Directions for this task: For the entries below, return every line from the top through the line with "This wooden bracelet" exactly as it stands, omitting pictures.
★ ★ ★ ★
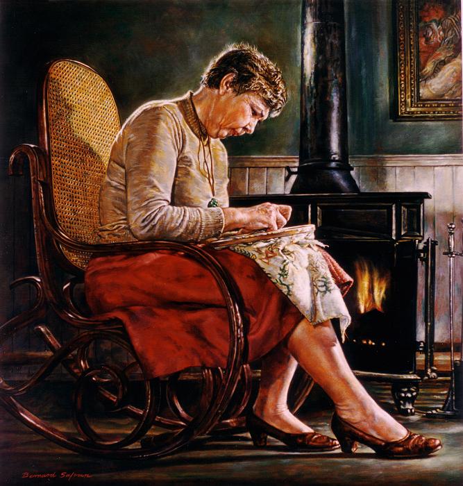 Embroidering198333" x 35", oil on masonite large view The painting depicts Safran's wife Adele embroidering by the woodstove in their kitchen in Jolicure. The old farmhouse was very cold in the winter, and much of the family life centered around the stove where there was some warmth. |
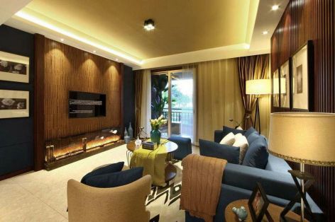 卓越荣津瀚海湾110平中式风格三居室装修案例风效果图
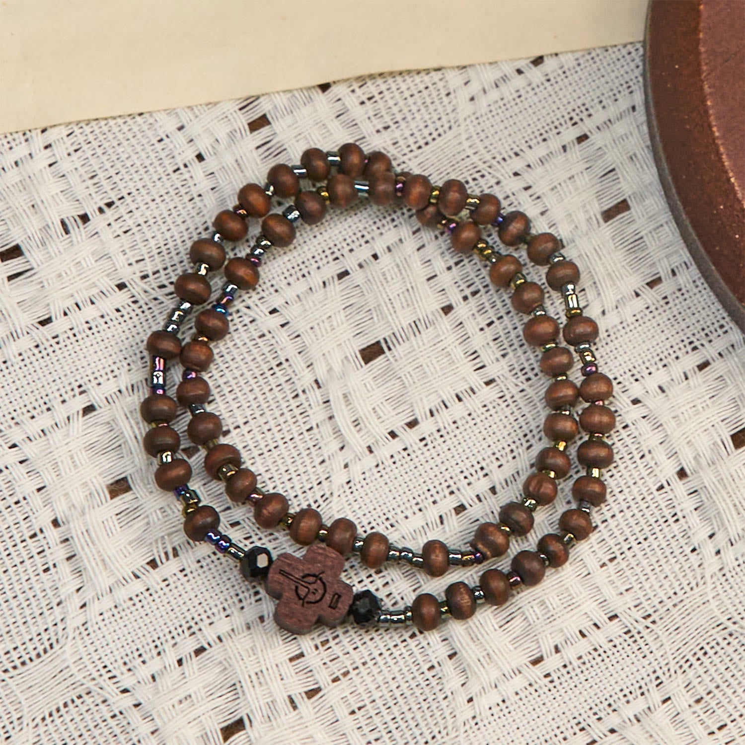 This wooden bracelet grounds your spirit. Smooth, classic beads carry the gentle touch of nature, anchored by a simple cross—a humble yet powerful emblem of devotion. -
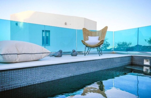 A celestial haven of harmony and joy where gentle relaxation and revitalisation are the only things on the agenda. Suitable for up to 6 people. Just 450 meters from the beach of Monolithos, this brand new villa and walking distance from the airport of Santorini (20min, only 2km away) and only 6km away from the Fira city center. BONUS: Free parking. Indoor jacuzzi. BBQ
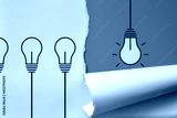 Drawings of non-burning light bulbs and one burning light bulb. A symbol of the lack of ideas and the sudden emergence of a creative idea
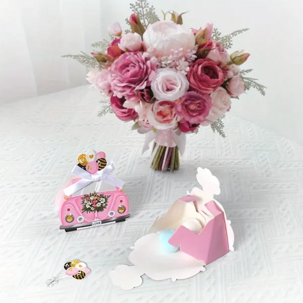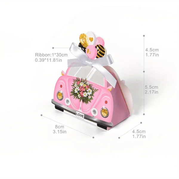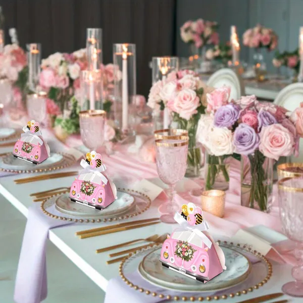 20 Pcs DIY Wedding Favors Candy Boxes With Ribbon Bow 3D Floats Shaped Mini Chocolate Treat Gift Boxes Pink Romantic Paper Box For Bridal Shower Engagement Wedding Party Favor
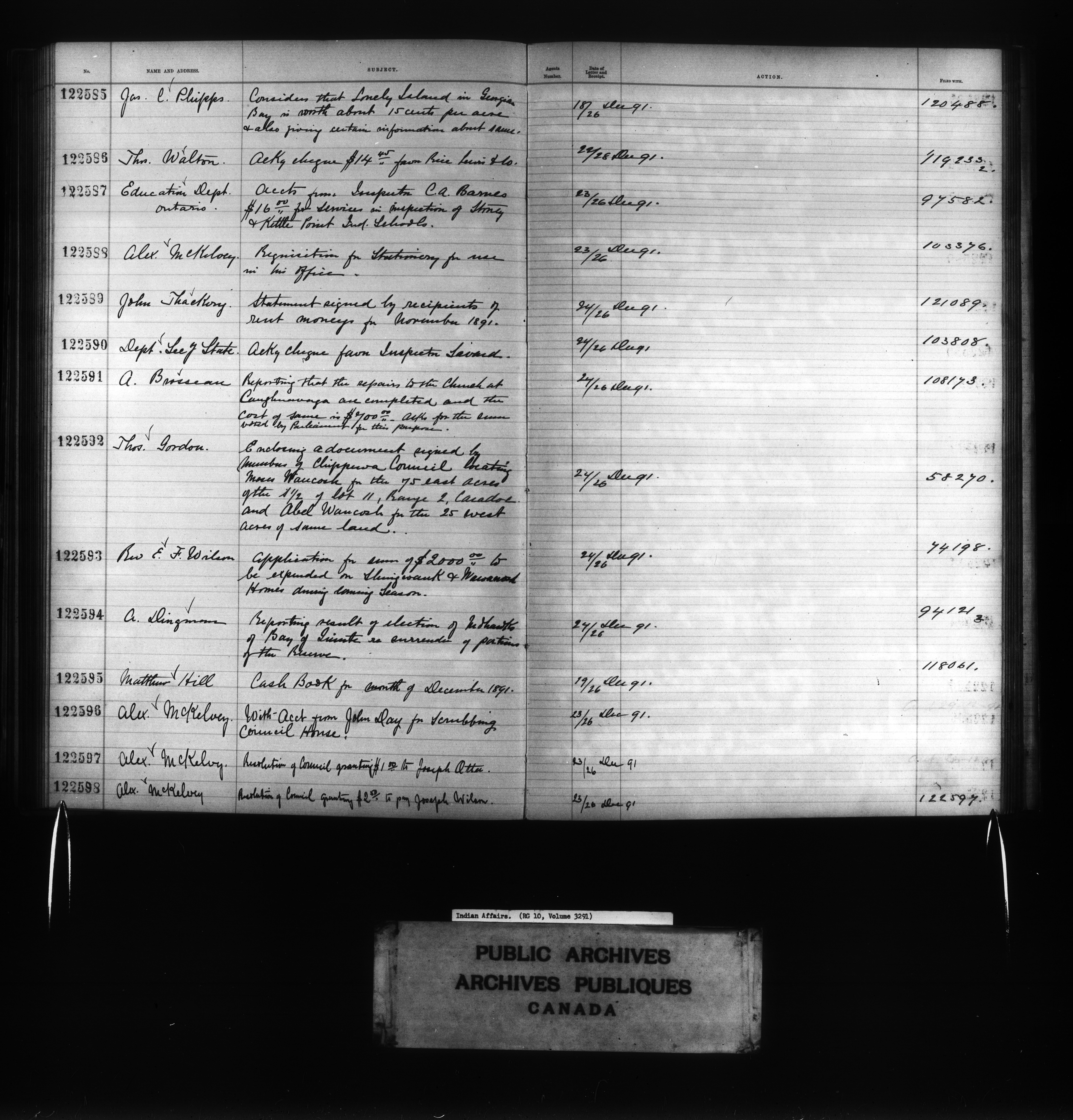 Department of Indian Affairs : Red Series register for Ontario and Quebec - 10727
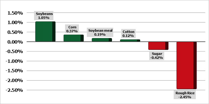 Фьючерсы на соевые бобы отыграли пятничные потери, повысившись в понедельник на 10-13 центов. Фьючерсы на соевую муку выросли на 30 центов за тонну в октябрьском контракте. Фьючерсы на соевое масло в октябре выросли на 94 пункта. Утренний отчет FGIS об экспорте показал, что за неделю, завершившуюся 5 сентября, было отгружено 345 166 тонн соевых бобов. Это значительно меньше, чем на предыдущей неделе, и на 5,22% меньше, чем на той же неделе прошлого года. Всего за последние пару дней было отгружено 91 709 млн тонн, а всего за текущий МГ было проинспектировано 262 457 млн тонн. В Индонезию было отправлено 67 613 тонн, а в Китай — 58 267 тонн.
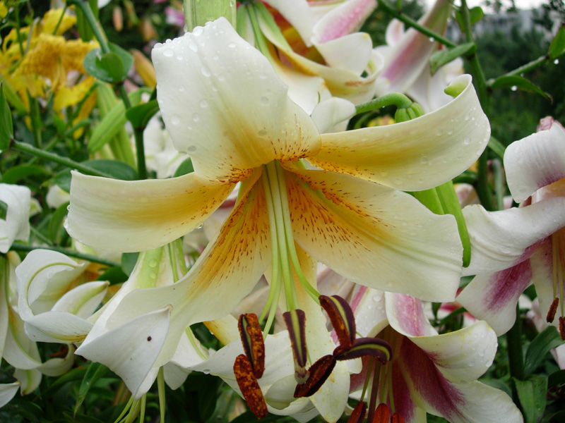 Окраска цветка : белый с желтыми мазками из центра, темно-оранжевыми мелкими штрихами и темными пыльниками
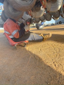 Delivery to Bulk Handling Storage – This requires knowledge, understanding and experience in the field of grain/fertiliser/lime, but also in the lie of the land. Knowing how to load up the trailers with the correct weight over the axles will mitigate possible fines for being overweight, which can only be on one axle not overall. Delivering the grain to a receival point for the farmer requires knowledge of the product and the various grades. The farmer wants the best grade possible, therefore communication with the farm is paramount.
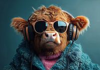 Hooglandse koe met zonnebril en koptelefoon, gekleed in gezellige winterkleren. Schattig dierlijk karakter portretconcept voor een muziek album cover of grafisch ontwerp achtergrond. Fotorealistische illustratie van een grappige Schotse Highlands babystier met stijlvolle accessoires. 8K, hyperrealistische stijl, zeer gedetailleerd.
★ ★ ★ ★
Result of this exercise:
 Embroidering198333" x 35", oil on masonite large view The painting depicts Safran's wife Adele embroidering by the woodstove in their kitchen in Jolicure. The old farmhouse was very cold in the winter, and much of the family life centered around the stove where there was some warmth. |
 卓越荣津瀚海湾110平中式风格三居室装修案例风效果图
 This wooden bracelet grounds your spirit. Smooth, classic beads carry the gentle touch of nature, anchored by a simple cross—a humble yet powerful emblem of devotion. -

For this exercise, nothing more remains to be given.